Há momentos em que percebemos que somos mais conservadores do que pensávamos. Que temos sido vítimas dos nossos preconceitos. Ou da nossa intuição. Momentos, diria um bom marketeer, de expansão de consciência. No caso, sem drogas – mas sobre drogas. Da cocaína ao café. Do efeito placebo ao tráfico de estupefacientes. No podcast “Psychoactive”, o homem que a revista Rolling Stone apelidou de o “verdadeiro czar da droga”, o ativista Ethan Nadelmann, desafia-nos a repensar a nossa relação com as substâncias psicoativas. Enquanto indivíduos e enquanto sociedade.

Como alguém que acaba de regressar de uma viagem estimulante, a tentação é começar de imediato a partilhar o que se ouviu.
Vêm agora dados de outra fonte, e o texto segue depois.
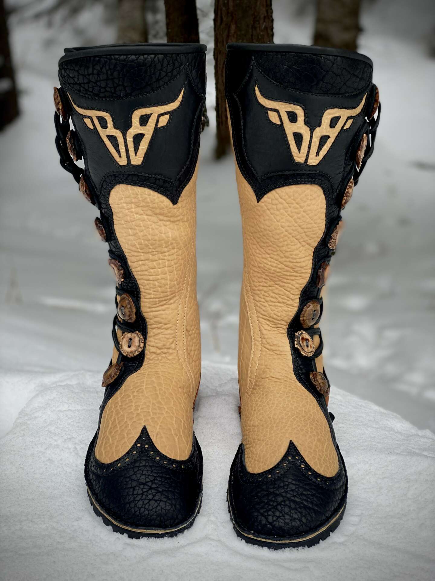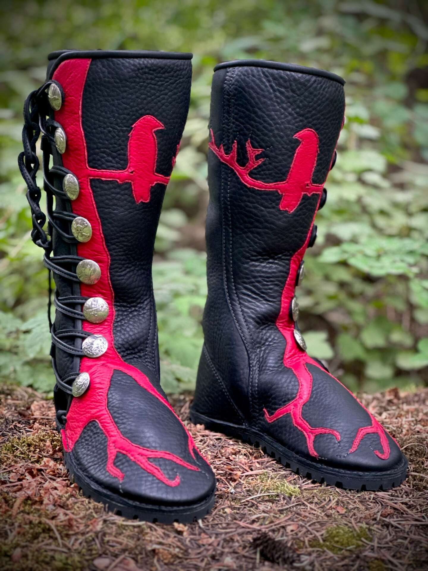 My name is Dustin Lyons. I am a shoemaker/leatherworker living in Joseph, Oregon. I have a small cabin and workshop on two uncombed acres at the foot of Chief Joseph Mountain. Established in 2011, Alkahest Leather is a homespun one-man show specializing in custom-made leather footwear, hip & shoulder bags, and other accessories. Primarily a Pacific NW business, I travel to art fairs and various festivals throughout the region. Using full hides of bull, cow, and bison I build my products with a sewing machine and an array of hand-tools, incorporating antler, semi-precious stones, and various types of hardware. The footwear I build is entirely customized starting with a tape-casting of the customer’s foot. You choose your colors, buttons, soles, etc. As opposed to conventional, “lasted” footwear, which constrains the foot in a generic cavity, Alkahest footwear fits more like a second skin, like a moccasin–molding to the feet and allowing them to move and behave as they are meant to. You can do just about anything in these shoes. I can make you a pair appropriate for a dentist appointment, a hike up a mountain, or an “end-of-the-world” party! They can be re-soled, and with proper care they’ll keep your feet happy and head-turning for years to come. I have an ever-expanding stock of designs that tend toward images of the natural world. As well, I am always open to a custom design on a bag or a pair of boots. The over-arching spirit of my business is one that values quality, personal connection and collaborative creation. I make every effort to get it right–functional, durable, fashionable. It is my contention that life is lived most freely and brightly when one’s needs are simple and modest: coherent spaces, good friends, well-built, accommodating shoes.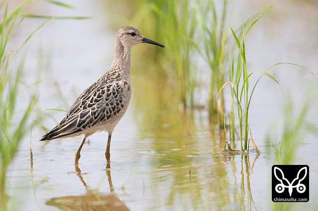 エリマキシギのオス幼鳥。同じ田んぼにメスの幼鳥もいました。

Factos como, “Nunca houve uma sociedade sem drogas”. Argumentos do tipo “Todos nós usamos algum tipo de droga”. Ou advertências do género “Numa altura em que a canábis já foi legalizada em alguns estados norte-americanos, é preciso ter cuidado com os excessos da economia de mercado”. Antes de partir, contudo, convém saber qual é o programa – e quem é o guia.

Em 2013, Nadelmann, de 64 anos, foi considerado pela Rolling Stone a “principal força por trás da legalização da marijuana na América”. Filho de um rabino de Nova Iorque, apaixonou-se pelo tema na Universidade, tanto por causa do seu próprio consumo – “por que razão era eu definido como criminoso por estar a fumar um charro, se não estava a fazer mal a ninguém?”, explica no podcast – como pelo facto de ser uma área que cruza as relações internacionais com a justiça criminal. “Em termos académicos, era um território não cartografado”, acrescenta.

[ouça “Psychoactive” através do Spotify:]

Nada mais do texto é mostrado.